● WORK TASK: This task calls for the lines below starting at the one containing "Blue Murano Glass" and ending at the one containing "目前,所有古建的勘查檢修工作", repeated exactly with both ends kept and pictures left out.

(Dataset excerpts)
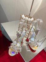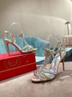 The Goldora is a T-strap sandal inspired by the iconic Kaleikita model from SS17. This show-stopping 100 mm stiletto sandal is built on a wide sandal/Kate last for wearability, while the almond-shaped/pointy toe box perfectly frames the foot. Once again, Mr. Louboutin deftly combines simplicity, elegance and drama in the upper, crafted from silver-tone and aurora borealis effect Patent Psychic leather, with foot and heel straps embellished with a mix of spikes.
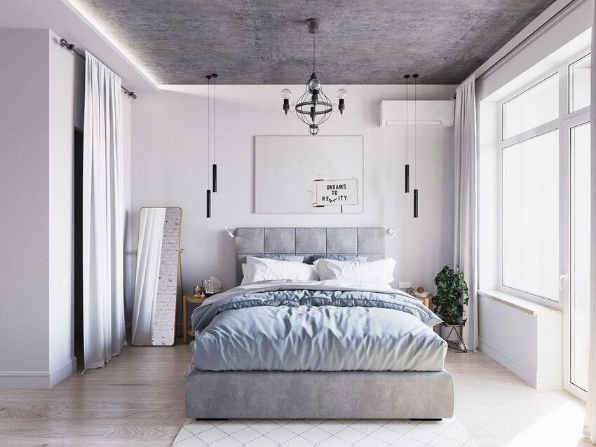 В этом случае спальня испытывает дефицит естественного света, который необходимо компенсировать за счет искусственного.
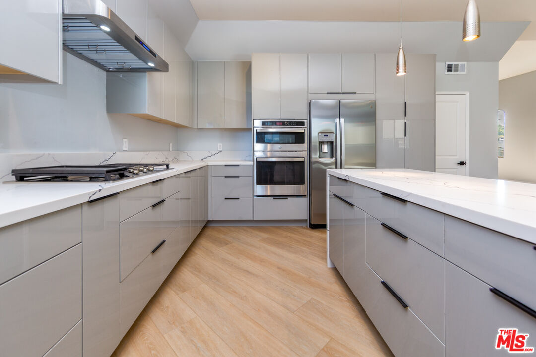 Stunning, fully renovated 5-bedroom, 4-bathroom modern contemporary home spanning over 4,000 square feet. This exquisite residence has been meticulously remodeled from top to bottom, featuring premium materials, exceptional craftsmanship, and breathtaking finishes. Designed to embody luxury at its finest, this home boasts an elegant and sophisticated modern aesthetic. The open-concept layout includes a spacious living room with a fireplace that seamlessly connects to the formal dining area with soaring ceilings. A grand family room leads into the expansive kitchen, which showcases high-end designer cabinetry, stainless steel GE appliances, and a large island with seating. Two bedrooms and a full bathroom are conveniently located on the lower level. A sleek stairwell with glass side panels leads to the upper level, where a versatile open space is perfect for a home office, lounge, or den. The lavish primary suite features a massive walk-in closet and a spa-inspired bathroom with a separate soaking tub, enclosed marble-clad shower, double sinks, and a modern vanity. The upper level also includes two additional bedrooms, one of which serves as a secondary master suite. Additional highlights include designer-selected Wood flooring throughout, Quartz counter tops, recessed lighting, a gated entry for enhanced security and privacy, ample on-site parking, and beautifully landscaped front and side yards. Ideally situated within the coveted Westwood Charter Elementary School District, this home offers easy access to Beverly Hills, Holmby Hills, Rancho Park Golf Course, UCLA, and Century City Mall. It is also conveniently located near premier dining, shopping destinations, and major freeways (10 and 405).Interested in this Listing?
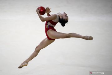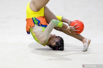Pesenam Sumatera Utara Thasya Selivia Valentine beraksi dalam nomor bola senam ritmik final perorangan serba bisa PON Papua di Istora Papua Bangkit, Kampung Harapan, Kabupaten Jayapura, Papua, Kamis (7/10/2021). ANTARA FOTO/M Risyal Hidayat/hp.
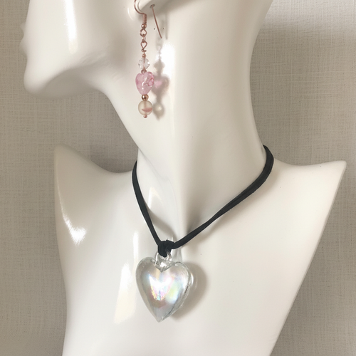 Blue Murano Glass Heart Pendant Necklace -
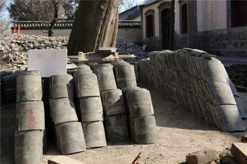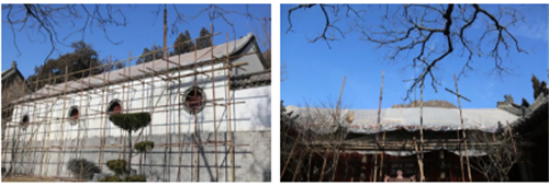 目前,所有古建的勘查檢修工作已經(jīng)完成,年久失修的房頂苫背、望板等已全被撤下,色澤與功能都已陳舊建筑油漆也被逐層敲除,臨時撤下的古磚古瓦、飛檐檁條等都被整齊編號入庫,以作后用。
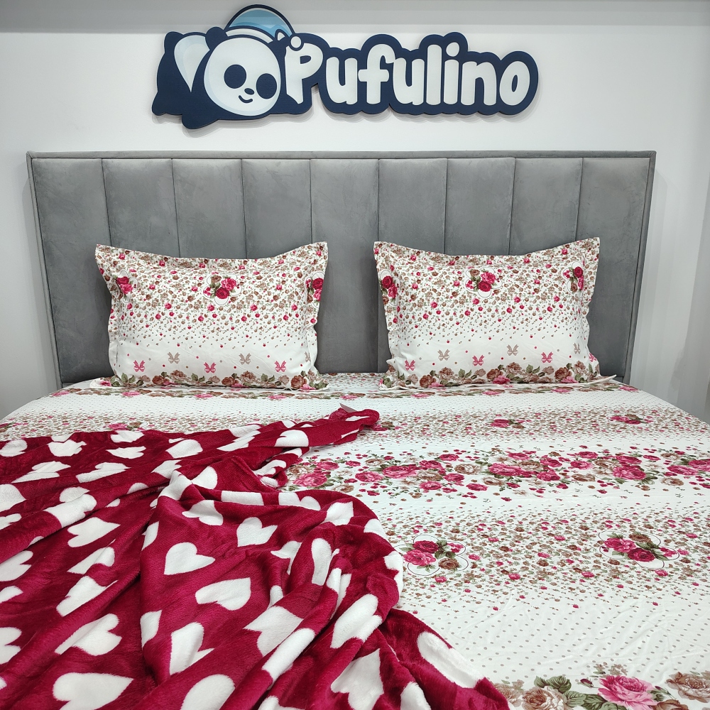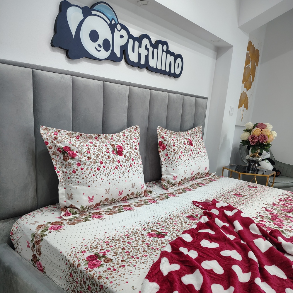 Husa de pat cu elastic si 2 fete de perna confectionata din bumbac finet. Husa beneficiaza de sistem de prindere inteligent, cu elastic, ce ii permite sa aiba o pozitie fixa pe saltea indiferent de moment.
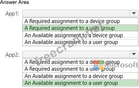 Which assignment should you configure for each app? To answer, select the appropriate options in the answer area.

● REPLY TO THE EXERCISE:
 Blue Murano Glass Heart Pendant Necklace -
 目前,所有古建的勘查檢修工作已經(jīng)完成,年久失修的房頂苫背、望板等已全被撤下,色澤與功能都已陳舊建筑油漆也被逐層敲除,臨時撤下的古磚古瓦、飛檐檁條等都被整齊編號入庫,以作后用。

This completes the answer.